BioSample=SRR6450118

dir_detect=${BioSample}/full

mkdir -p ${dir_detect}

bwa mem -T 10 ${fa} ${BioSample}_1.fastq ${BioSample}_2.fastq -o ${dir_detect}/align.sam -t ${THREAD_COUNT}

4. Identify circular RNAs using CIRI-full pipeline

# Choose multi-threading based on the specific situation.
THREAD_COUNT=8 

# Use SRR6450118 as an example
BioSample=SRR6450118

# CIRI2: Circular RNA identification based on multiple seed matching
perl CIRI2.pl --in ${dir_detect}/align.sam --out ${dir_detect}/ciri.report --ref_file ${fa} --anno ${gtf} --thread_num $THREAD_COUNT

# CIRI-AS is a detection tool for circRNA internal components and alternative splicing events.
perl CIRI-AS.pl --sam ${dir_detect}/align.sam --ciri ${dir_detect}/ciri.report --out ${dir_detect}/as --ref_file ${fa} --anno ${gtf} --output_all yes

# The CIRI-full Pipeline module is an automatic pipeline for detecting and reconstructing circRNAs.
java -jar $CIRI-full.jar RO1 -1 ${BioSample}_1.fastq.gz -2 ${BioSample}_2.fastq.gz -o ${dir_detect}/full -t $THREAD_COUNT

bwa mem -T 19 -t $THREAD_COUNT ${fa} ${dir_detect}/full_ro1.fq -o ${dir_detect}/full_ro1.sam -t $THREAD_COUNT

java -jar CIRI-full.jar RO2 -r ${fa} -s ${dir_detect}/full_ro1.sam -l 150 -o ${dir_detect}/full

java -jar CIRI-full.jar Merge -r ${fa} -a ${gtf} -c ${dir_detect}/ciri.report -as ${dir_detect}/as_jav.list -ro ${dir_detect}/full_ro2_info.list -o ${dir_detect}/full

Output files in dir_detect for subsequent analysis, circRNA information at BSJ levels

SRR6450118/full/ciri.report
SRR6450119/full/ciri.report
……
SRR6450129/full/ciri.report

5. Visualize and estimate abundance of isoforms using CIRI-vis

dir_vis=${BioSample}/vis

mkdir -p ${dir_vis}

java -jar CIRI-vis.jar -i ${dir_detect}/full_merge_circRNA_detail.anno -l ${dir_detect}/as_library_length.list -d ${dir_vis} -r ${fa} -min 1

Output files in dir_vis for subsequent analysis, circRNA information at isoform levels

SRR6450118/vis/stout.list
SRR6450119/vis/stout.list
……
SRR6450129/vis/stout.list

6. Constructing a Full-length Reference Set

R

library(AQUARIUMHB)

MakeReferenceIsoform(datapathfile = "PRJNA429023/DataPathFile.txt",outputfile = "ReferenceIsoformFinal.txt")
SampleID SamplePath
SRR6450118 PRJNA429023/SRR6450118/
SRR6450119 PRJNA429023/SRR6450119/
…… ……
SRR6450129 PRJNA429023/SRR6450129/
chr bsj start end isoformID strand exon_count exon_length exon_total_length ReferenceSource
10 10:100036449|100036604 100036604 100036449 chr10|100036449|100036604|+ + 1 156 156 FLcircAS_Liver
3 3:48548532|48550234 48548532 48550234 chr3|48548532,48549864,48550118|48548537,48549960,48550234|- - 3 6,97,117 220 Full
2 2:231497095|231503204 231497095 231503204 chr2|231497095,231503081|231497252,231503204|- - 2 158,124 282 Full,FLcircAS_HeLa,IsoCirc_SkeletalMuscle,IsoCirc_Testis

ReferenceSource Sources of full-length isoforms.
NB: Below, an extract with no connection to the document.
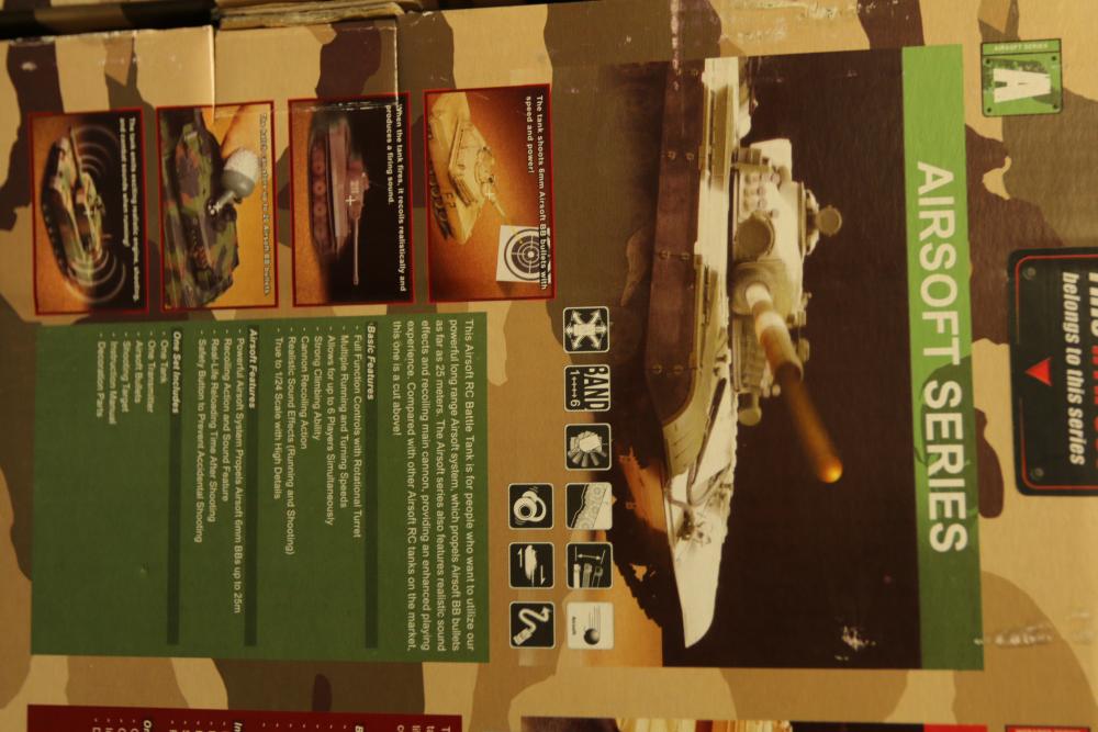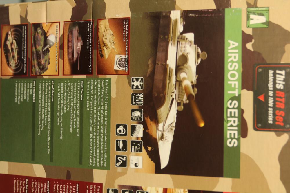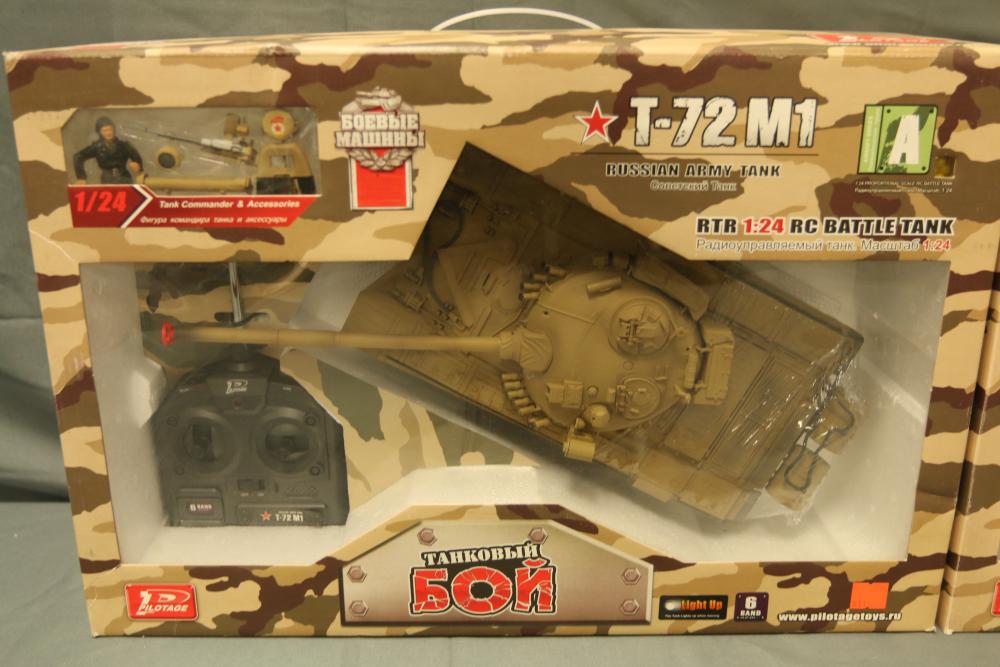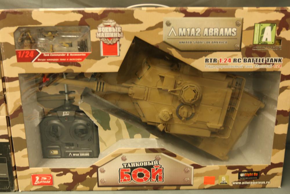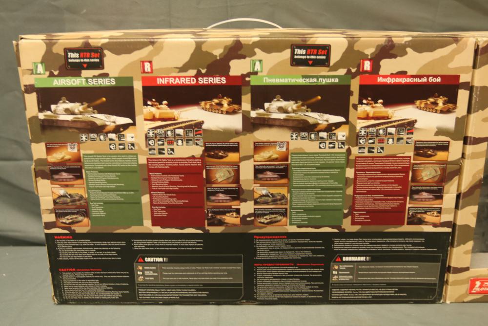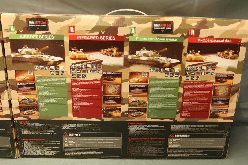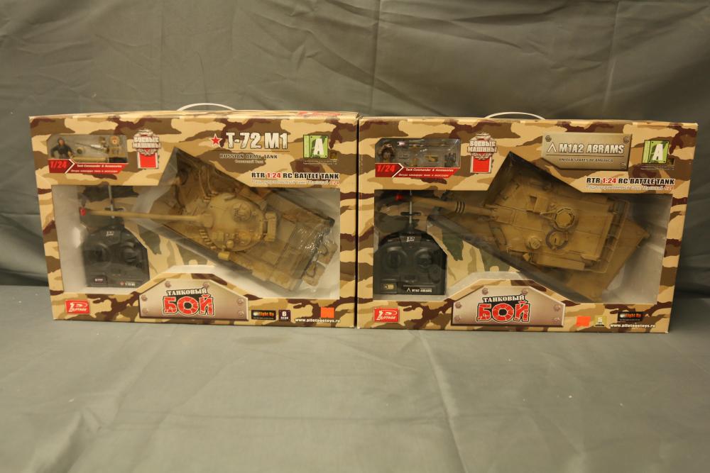 Includes two 1:24 scale radio-controlled battle tanks: T-72M1 and M1A2 Abrams. Both tanks are from the Airsoft Series and feature RTR functionality, infrared capabilities, and intricate detailing. Packaged with remote controllers and additional small accessories.

For example:

`FLcircAS_Liver`: represents isoform from FLcircAS dataset, 

`Full`: represents isoform from blood samples according pipeline,

`Full,FLcircAS_HeLa,IsoCirc_SkeletalMuscle,IsoCirc_Testis`: represents isoform from FLcircAS, IsoCirc and blood samples.

7. Reconstruction of partial length circRNA isoforms

Due to reasons such as short sequencing read lengths or insufficient sequencing depth, the circRNAs identified by CIRT - full may fall into the following three types:

AQUARIUMHB uses the Full - length Reference Set constructed in the previous step to reconstruct the Break and Only types of circRNAs, and then generates a gtf file for subsequent quantitative analysis for salmon.

circRNA_full.gtf(datapathfile = "PRJNA429023/DataPathFile.txt",referencefile = "ReferenceIsoformFinal.txt")

Ouput gtf files in quant directory for each sample:

Sample ID Output File Path
SRR6450118 SRR6450118/quant/circRNA_full.gtf
SRR6450119 SRR6450119/quant/circRNA_full.gtf
SRR6450129 SRR6450129/quant/circRNA_full.gtf
circRNA_break.gtf(datapathfile = "PRJNA429023/DataPathFile.txt",referencefile = "ReferenceIsoformFinal.txt")

Ouput gtf files in quant directory for each sample:

Sample ID Output File Path
SRR6450118 SRR6450118/quant/circRNA_break.gtf
SRR6450119 SRR6450119/quant/circRNA_break.gtf
SRR6450129 SRR6450129/quant/circRNA_break.gtf
circRNA_only.gtf(datapathfile = "PRJNA429023/DataPathFile.txt",referencefile = "ReferenceIsoformFinal.txt")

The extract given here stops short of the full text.